During the third quarter there were additional conversions of preferred
stock to common shares. On July 31, 1998, 500 shares of the Series B preferred
stock plus accrued interest of $3,397 were converted into 100,679 shares of CFI
common stock and on August 10, 1998, 560 shares of the Series A preferred stock
plus accrued interest of $30,684 were converted into 224,736 shares of CFI
common stock. On September 10, 1998 100 shares of the A preferred stock plus
accrued interest of $ 6,334 were converted to 75,817 shares of CFI common stock.
On September 24, 1998 100 shares of the A preferred stock plus accrued interest
of $ 6,465 were converted to 78,899 shares of CFI common stock. On October 2nd,
1998 150 shares of the A preferred stock plus accrued interest of 9,961 were
converted to 125,993 shares of common stock.
In connection with the preferred stock transaction, the Company granted
warrants to its underwriters, Straussbourger, Pearson, Tulcin & Wolff to
purchase 240,000 shares of common stock at an exercise price of $6.00 per share.
The warrants are exercisable until September 17, 2001. In addition, the Company
issued 60 shares of preferred stock with identical terms as payment for fees for
the private placement. The cost will be included in the net proceeds from the
transaction and will be amortized over the non-conversion term.

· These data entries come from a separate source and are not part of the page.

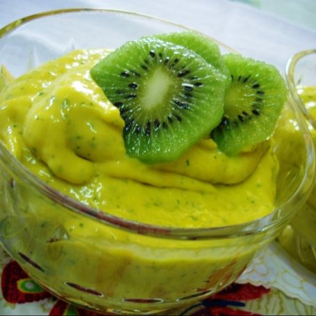 Nada mais simples! No liquidificador bata as mangas, o leite de coco, o suco e as folhas de hortelã. Adoce a gosto.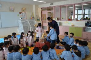 始園式 2022/01/20 園の様子行事 今日から3学期が始まりました。園庭に出来た大きな雪山に大喜びの子ども達!先生から「お外遊びのお約束」を聞いてから、元気一杯にソリ滑りを楽しんでいました。小ホールでは、お餅つきごっこを行いました。「ぺったんこ!ぺったんこ!」と順番に行いました。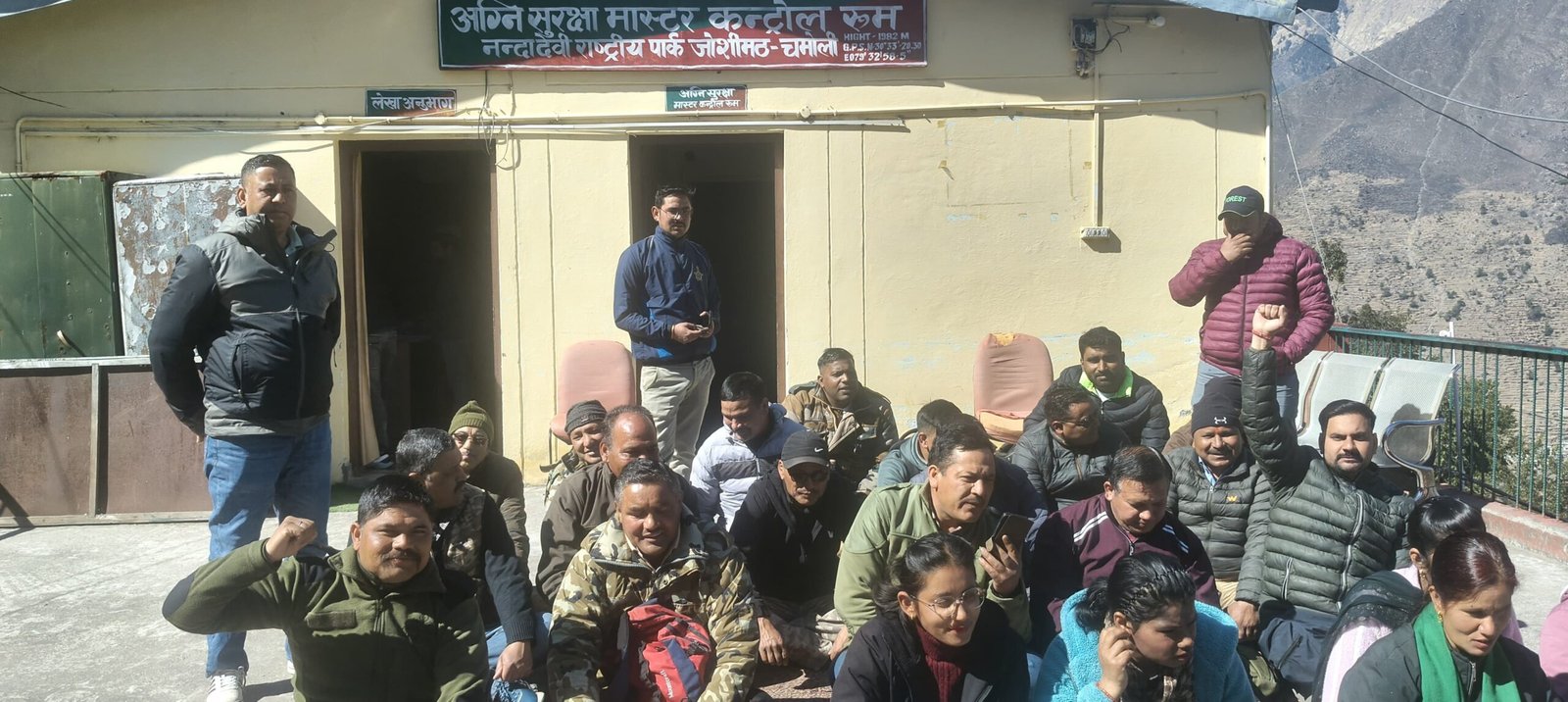 ज्योर्तिमठ। वन आरक्षी नंदा देवी राष्ट्रीय पार्क जोशीमठ के ज्योर्तिमठ रेंज एवं फूलों की घाटी के सभी वन कर्मियों ने आज दूसरे दिन भी अपनी लंबित 6 सूत्रीय मांग को लेकर प्रभागीय कार्यालय नंदा देवी राष्ट्रीय पार्क ज्योर्तिमठ में शांतिपूर्ण रूप से धरना प्रदर्शन एवं कार्यबहिष्कार किया। वन कर्मियों का कहना है कि जब तक उनकी लंबित 6 सूूूत्रीय मांगे पूरी नहीं होती है । तक अनिश्चितकालीन धरना प्रदर्शन एवं कार्य बहिष्कार किया जाएगा।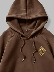 Homme Sweat-shirt à capuche à lettres à cordon à doublure thermique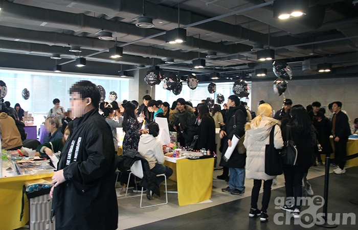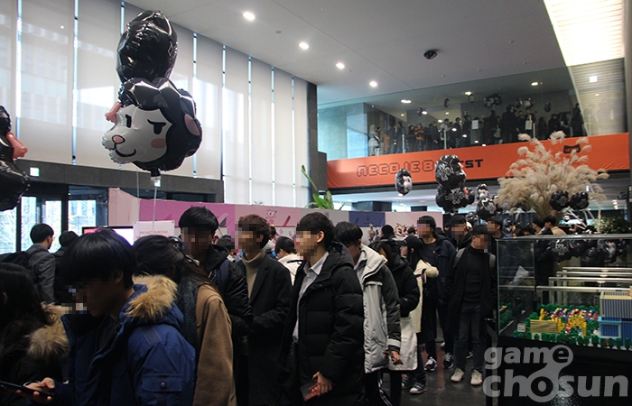 넥슨 사옥 1층에서 게임부스 퀘스트 진행을 위해 줄지어 선 관객들 = 게임조선 촬영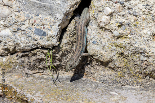 Lizard (Podarcis peloponnesiacus) sitting on a stones close-up in a sunny day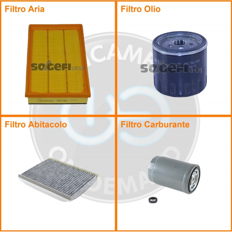 | Composizione | Filtro olio, Filtro abitacolo ai carboni attivi, Filtro aria, Filtro gasolio |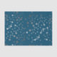 Estrelas de prata dispersadas em produtos azuis da meia-noite e em favores do partido.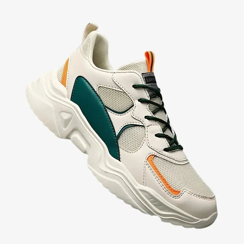 Les Baskets UrbanWave affichent un design audacieux avec des touches de vert et d'orange sur fond blanc éclatant. Leur allure sportive et tendance les rend idéales pour affirmer votre style en toute occasion.
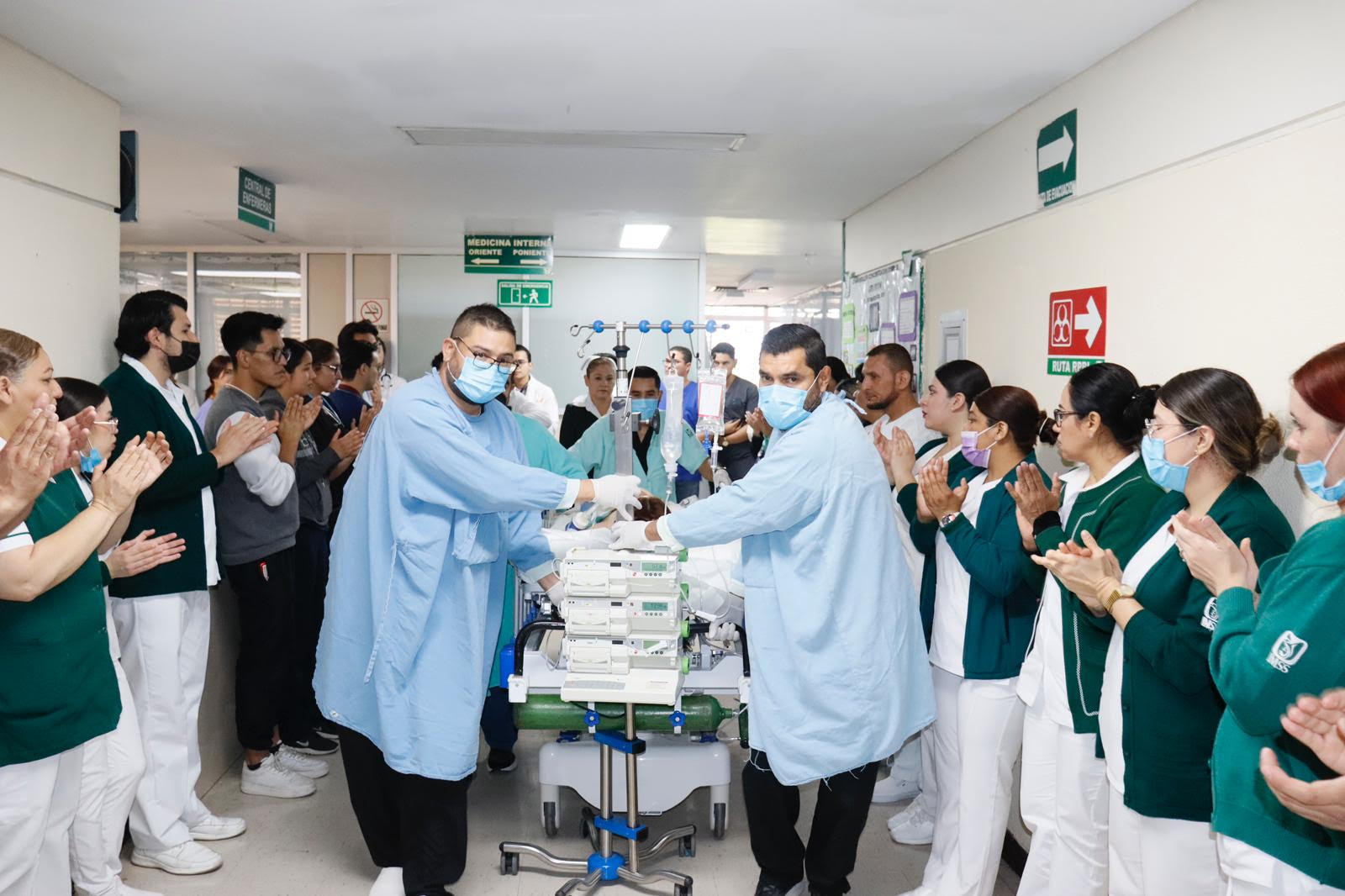 AcompaÃado del director del HGZ No. 2, Juan Carlos Villano Castillejos, el subdirector Sergio JesÃs Medina Torres y personal del IMSS, realizaron una ceremonia a la joven mientras era trasladada por el pasillo de honor, que se realizà desde la Unidad de Cuidados Intensivos (UCI) hasta el Ãrea de quirÃfano, donde se le dio la despedida.

Redemption of Convertible Subordinate Debenture in exchange for
Convertible Preferred Stock. On May 18, 1998 the company issued a $2.2 million
Convertible Subordinate Debenture to Thomson, Kernaghan & Co., Ltd. of which
$1.7 million was outstanding at June 30, 1998. On August19, 1998 the company
redeemed the outstanding balance of the Debenture in exchange for the issuance
of 1,700 shares of Convertible Preferred Stock to Thomson, Kernaghan & Co., Ltd.
Following the filing of the bankruptcy petition in March of 1998, during the
bankruptcy proceedings, the Company reached a settlement with the holder for the
exchange of 2,500,000 shares of common stock for 1,700 shares of convertible
preferred stock.
Convertible-Redeemable Preferred Stock Offering. In August 1998, the
company entered into an agreement with Union Trading-Financial Limited for the
placement of the Company's Convertible-Redeemable Preferred Stock. The Preferred
Stock Units will be offered at $20 each and will be convertible into the
Company's Common Stock at the rate of 1 preferred unit to 2.5 shares of Common
Stock.
Furthermore, the terms of CFIM's initial public offering underwriting
agreement require the consent of CFI's underwriter, Strasbourger Pearson Tulcin
and Wolff for any issuance of common stock or securities convertible into common
stock. In a letter dated October 28, 1998 CFIM's underwriter denied its consent
for CFIM to issue it Series D Convertible Preferred Stock offering.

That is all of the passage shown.